* [WHAT YOU HAVE TO DO]: Print, exactly as they appear in the listing below, the lines from the line with "Mašīnas un rokas" to the line with "가격과 용도 모두 잡는 계란 고르기: 크기별 특징 완벽 분석", with both end lines kept.

* [SUPPLIED RECORDS]:

----------

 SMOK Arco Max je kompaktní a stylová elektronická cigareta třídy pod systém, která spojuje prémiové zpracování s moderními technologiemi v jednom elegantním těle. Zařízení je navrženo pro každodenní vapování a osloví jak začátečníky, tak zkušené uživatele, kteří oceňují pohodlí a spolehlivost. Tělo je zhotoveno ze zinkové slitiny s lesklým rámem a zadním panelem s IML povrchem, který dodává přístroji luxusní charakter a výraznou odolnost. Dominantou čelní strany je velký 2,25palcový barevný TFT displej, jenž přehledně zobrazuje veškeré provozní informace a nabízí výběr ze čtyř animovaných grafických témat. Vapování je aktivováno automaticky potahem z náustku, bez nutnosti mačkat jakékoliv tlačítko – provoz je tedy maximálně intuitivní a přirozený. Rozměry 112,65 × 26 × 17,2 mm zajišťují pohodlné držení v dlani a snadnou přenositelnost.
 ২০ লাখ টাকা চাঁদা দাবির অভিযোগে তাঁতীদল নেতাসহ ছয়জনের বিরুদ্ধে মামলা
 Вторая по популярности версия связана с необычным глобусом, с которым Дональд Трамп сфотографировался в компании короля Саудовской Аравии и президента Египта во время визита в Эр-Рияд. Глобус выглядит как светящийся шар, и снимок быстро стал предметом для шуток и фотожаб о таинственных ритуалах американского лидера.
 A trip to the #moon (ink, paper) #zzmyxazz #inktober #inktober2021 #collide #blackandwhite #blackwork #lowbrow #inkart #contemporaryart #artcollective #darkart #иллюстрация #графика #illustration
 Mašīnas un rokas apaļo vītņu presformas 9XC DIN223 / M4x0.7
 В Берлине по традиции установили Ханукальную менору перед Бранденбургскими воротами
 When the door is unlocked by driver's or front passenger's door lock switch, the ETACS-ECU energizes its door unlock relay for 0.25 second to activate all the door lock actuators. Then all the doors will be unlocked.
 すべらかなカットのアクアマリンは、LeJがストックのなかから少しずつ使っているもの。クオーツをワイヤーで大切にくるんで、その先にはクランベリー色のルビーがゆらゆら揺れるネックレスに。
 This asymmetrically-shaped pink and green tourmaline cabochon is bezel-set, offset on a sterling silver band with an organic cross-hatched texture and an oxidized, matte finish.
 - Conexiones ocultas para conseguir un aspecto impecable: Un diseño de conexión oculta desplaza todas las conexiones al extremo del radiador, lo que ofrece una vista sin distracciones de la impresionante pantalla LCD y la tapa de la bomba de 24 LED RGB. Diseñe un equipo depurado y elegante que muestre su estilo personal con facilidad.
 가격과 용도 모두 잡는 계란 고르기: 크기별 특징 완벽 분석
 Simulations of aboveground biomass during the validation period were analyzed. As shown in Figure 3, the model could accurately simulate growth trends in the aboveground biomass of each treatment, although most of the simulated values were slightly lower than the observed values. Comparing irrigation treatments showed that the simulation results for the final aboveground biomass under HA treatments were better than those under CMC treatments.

----------

* [SOLUTION]:
 Mašīnas un rokas apaļo vītņu presformas 9XC DIN223 / M4x0.7
 В Берлине по традиции установили Ханукальную менору перед Бранденбургскими воротами
 When the door is unlocked by driver's or front passenger's door lock switch, the ETACS-ECU energizes its door unlock relay for 0.25 second to activate all the door lock actuators. Then all the doors will be unlocked.
 すべらかなカットのアクアマリンは、LeJがストックのなかから少しずつ使っているもの。クオーツをワイヤーで大切にくるんで、その先にはクランベリー色のルビーがゆらゆら揺れるネックレスに。
 This asymmetrically-shaped pink and green tourmaline cabochon is bezel-set, offset on a sterling silver band with an organic cross-hatched texture and an oxidized, matte finish.
 - Conexiones ocultas para conseguir un aspecto impecable: Un diseño de conexión oculta desplaza todas las conexiones al extremo del radiador, lo que ofrece una vista sin distracciones de la impresionante pantalla LCD y la tapa de la bomba de 24 LED RGB. Diseñe un equipo depurado y elegante que muestre su estilo personal con facilidad.
 가격과 용도 모두 잡는 계란 고르기: 크기별 특징 완벽 분석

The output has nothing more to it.